• Beware of Counterfeit Woodturning Tools (click here for details)
  • Johnathan Silwones is starting a new AAW chapter, Southern Alleghenies Woodturners, in Johnstown, PA. (click here for details)
  • Congratulations to Paul May for "Checkerboard (ver 3.0)" being selected as Turning of the Week for March 25, 2024 (click here for details)
  • Welcome new registering member. Your username must be your real First and Last name (for example: John Doe). "Screen names" and "handles" are not allowed and your registration will be deleted if you don't use your real name. Also, do not use all caps nor all lower case.

mineral oil & beeswax

Joined
Oct 16, 2006
Messages
29
Likes
0
When I red of turners using a mixture beeswax and mineral it sounds
safe for food items as well as childrens toys. I have not seen the ratio of
how to make the mixture. Anyone wanting to share please?
Grandy
 
Joined
Apr 5, 2009
Messages
26
Likes
0
Location
Kansas City, MO
I use a 50/50 mix for my cutting boards, used it on my personal cutting board for the last 4-5 years and it has worked just great.
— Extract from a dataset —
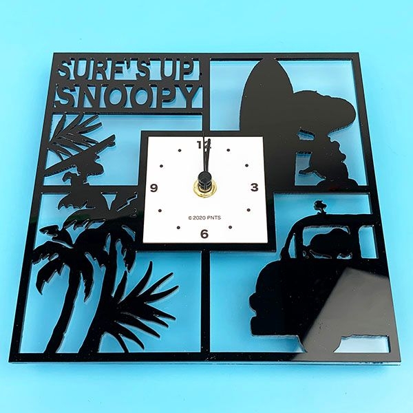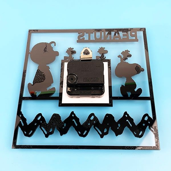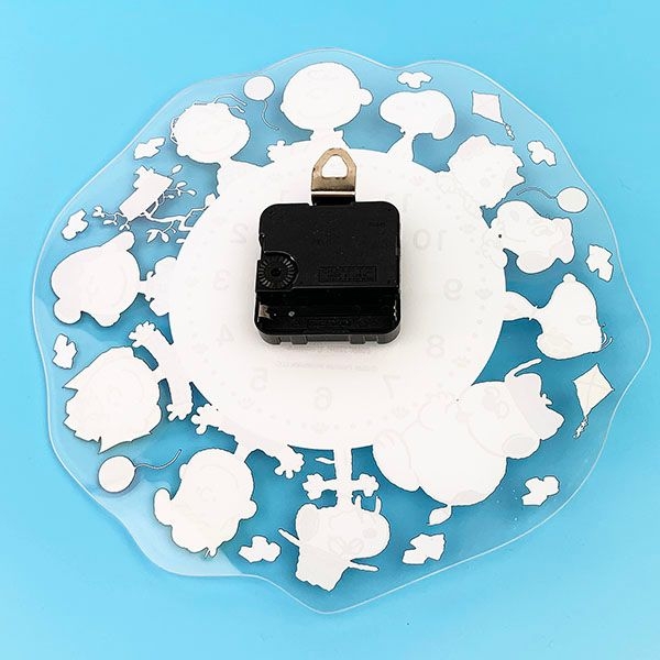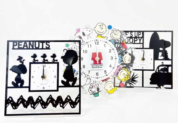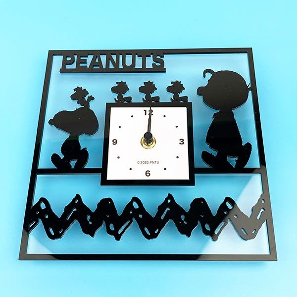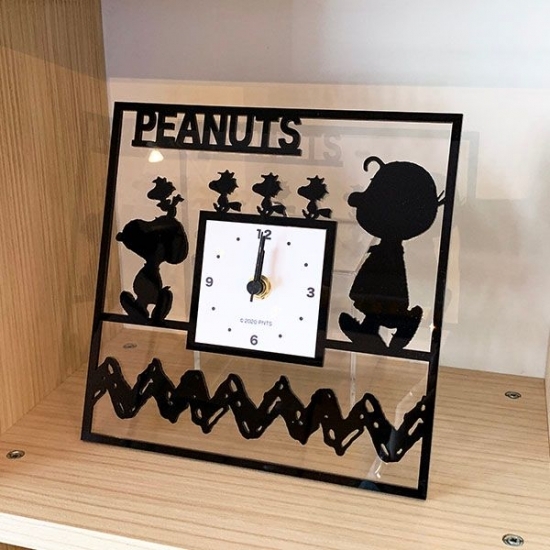 仲良くお散歩中でしょうか。スヌーピーとチャーリーブラウン、ウッドストックたちのシルエットデザインが、とってもオシャレ♪PEANUTSのロゴも入っています。モノクロでシックな雰囲気ですが、アクリルの透明感がどんなお部屋にもマッチしてくれます。

I use the same mix on my chisel handles (both flatwork and turning type).
 
Joined
May 16, 2005
Messages
3,540
Likes
15
Go 5:1 oil to wax and add some fragrance and you have cold cream.

It's not a finish, it's a treatment. Watch how the dirt from your hands or the color from your food dissolves in and colors the oil and reconsider how "safe" it is.
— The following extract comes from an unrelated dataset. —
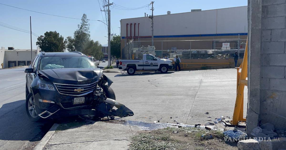 Acelerado conductor choca contra barda de centro comercial, al norte de Saltillo

Fortunately, if you wash it with detergent, you'll wash all that dirt and bacterial problems away. You'll also wash away the oil and wax, but that'll get you to nice, safe wood. Presuming you haven't made the piece out of some exotic insecticide-laden tropical species, that is.

Use a curing finish.
 
Joined
Sep 8, 2006
Messages
270
Likes
1
Location
SoCal
...Use a curing finish.

Specific suggestions?

I would not want any type of membrane finish on a cutting board. The finish is compromised with the first stroke of a knife, and you end up with a handy surface underneath which bacteria can migrate. Mineral oil is safe and effective if kept clean. There's a reason why virtually every major cutting board maker recommends and/or sells mineral oil or similar treatments. You are correct, it's a treatment, not a finish, but I don't want a finish on my cutting boards.
 
Last edited:
Joined
Oct 16, 2006
Messages
29
Likes
0
Thanks fellow members for the info. I'm working on baby rattles and
spinning tops. When I read about the oil w/ wax, thought it was being used as a finish.
I've used just mineral oil before but now I know adding wax doesn't make it better.
Thanks again, Grandy
 
Joined
Apr 21, 2006
Messages
126
Likes
0
Location
Roswell, New Mexico
Website
www.chakajo.com
I don't use beeswax much unless it's a food item. I use it mostly on spurtles.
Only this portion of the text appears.